PiS does not agree and will never agree to remove that tragedy from the agenda of Polish-Russian relations. We believe that Poland could build relations with Russia on the basis of stronger political and diplomatic instruments practiced by ourselves and in the framework of the European Union.

How do you assess Polish-American relations concerning security, particularly in relation to the planned NATO missile defense system that Poland will host?
Close relations with the US in the field of security are necessary for us, because despite Poland’s entry into NATO, the security status of Poland and the whole Eastern European region remains worse than that of Western Europe.
For years we have demanded that this situation be changed, now we demand that NATO’s contingency plans for aiding [us] in the case of aggression would have an automatic, rather than a general, character.
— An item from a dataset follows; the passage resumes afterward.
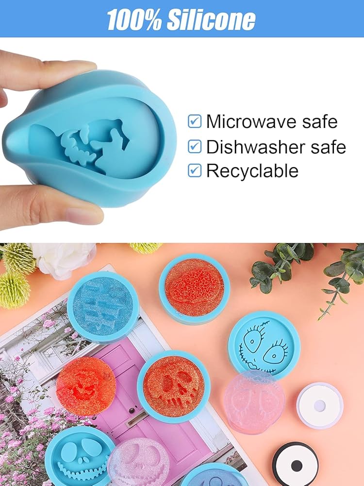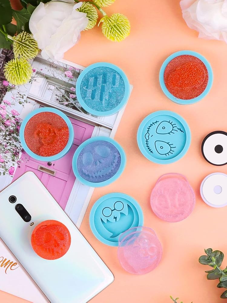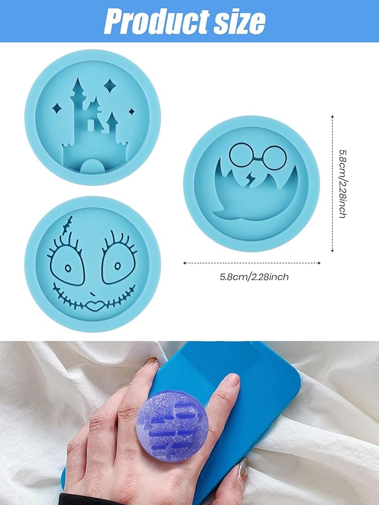 نطاق واسع من الاستخدام: 8 قطع من قوالب الراتنج الدائرية الزرقاء من السيليكون و10 قطع من حوامل الهاتف القابلة للطي الدائرية القابلة للسحب. مناسبة لصنع قالب صب فريد للهالوين أو الكريسماس أو عيد الشكر أو غيرها من المناسبات والأعياد. مثالي للعائلة والأصدقاء ومصنعي الراتنج ومحبي الأعمال اليدوية.

I was involved in negotiations about the first project for building a missile shield in Poland during George Bush’s administration and I know that it was not the Americans who first changed their minds, but Prime Minister Tusk. When, on July 4, 2008, I returned from Washington with an agreement ready to sign, Donald Tusk said that this agreement did not contribute to Poland’s security, while the then-President Lech Kaczyński was not informed by the government about what it intended to do.
And the shield could at that time have been implemented, if Poland had ratified the agreement. President Obama would not have changed such a decision. He decided to change the whole concept of the missile shield in September 2009, about a year after taking office, by which time the Polish government had still not ratified the agreement. According to the new plans, the missile shield would be built in Poland in 2018. I want to point out that if Obama were to win a second presidential term, it would finish in January 2017. So, in fact, he said to Russia and the world that during his second term in office there is not going to be a missile shield in Poland, and what happens in 2018 is not his concern.
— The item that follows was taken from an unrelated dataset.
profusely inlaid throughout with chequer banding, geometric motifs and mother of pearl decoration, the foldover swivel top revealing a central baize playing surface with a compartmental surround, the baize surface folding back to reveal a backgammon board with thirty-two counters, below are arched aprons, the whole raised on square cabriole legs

By the end of this year a base for US F-16 fighter planes will have been established in Poland and for the first time American troops will be present on Polish soil. How do you see this?
This is a small positive step in the right direction. I do not disagree with it and I hope that our cooperation with the US develops further. We look at the US as a European power and we have to make the next American president – whoever it may be – once again show that the US is interested in our region.
I think that American strategists are starting to realize that the policy of “reset” with Moscow has not resulted in an improvement in American relations with Russia, and that a new approach to these relations is now needed. We should observe these trends and be more active in setting our own agenda with the Americans. But to do so, we need the will and the ability.